Aim of the task
Transcribe word for word each line from the one containing "hátrész • műanyag patentokkal" to the final line of the data, both included. Skip the pictures.
*** Opening of Data extract ***
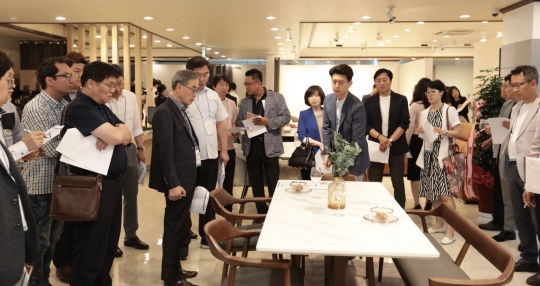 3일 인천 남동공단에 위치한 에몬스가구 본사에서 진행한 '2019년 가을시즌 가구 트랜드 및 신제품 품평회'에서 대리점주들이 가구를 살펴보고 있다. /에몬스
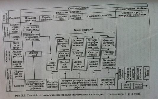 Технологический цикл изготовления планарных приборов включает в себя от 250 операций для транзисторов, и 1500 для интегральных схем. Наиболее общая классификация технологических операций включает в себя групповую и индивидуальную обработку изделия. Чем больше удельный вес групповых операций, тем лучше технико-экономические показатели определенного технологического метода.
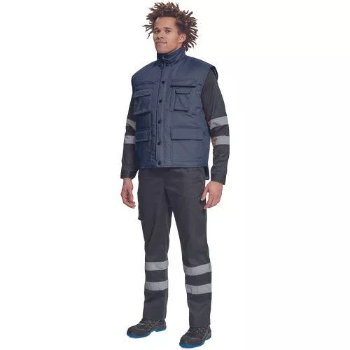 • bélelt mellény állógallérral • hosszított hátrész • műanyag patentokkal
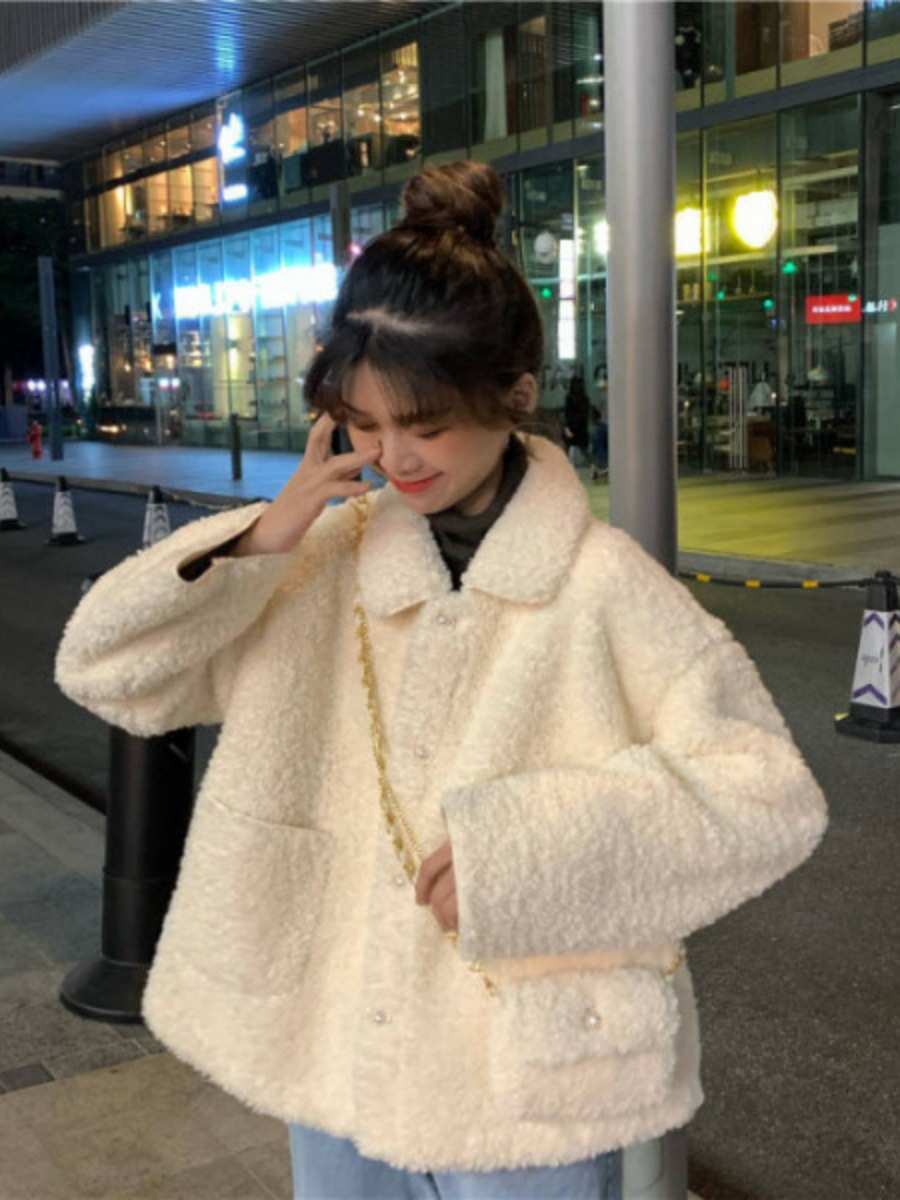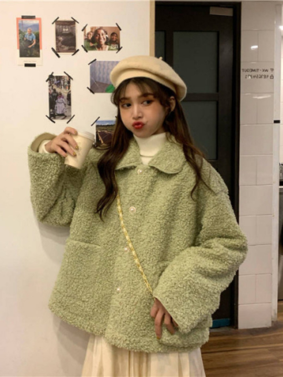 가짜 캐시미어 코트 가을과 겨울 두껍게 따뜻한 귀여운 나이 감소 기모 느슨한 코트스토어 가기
*** Close of Data extract ***
Answer for this exercise
 • bélelt mellény állógallérral • hosszított hátrész • műanyag patentokkal
 가짜 캐시미어 코트 가을과 겨울 두껍게 따뜻한 귀여운 나이 감소 기모 느슨한 코트스토어 가기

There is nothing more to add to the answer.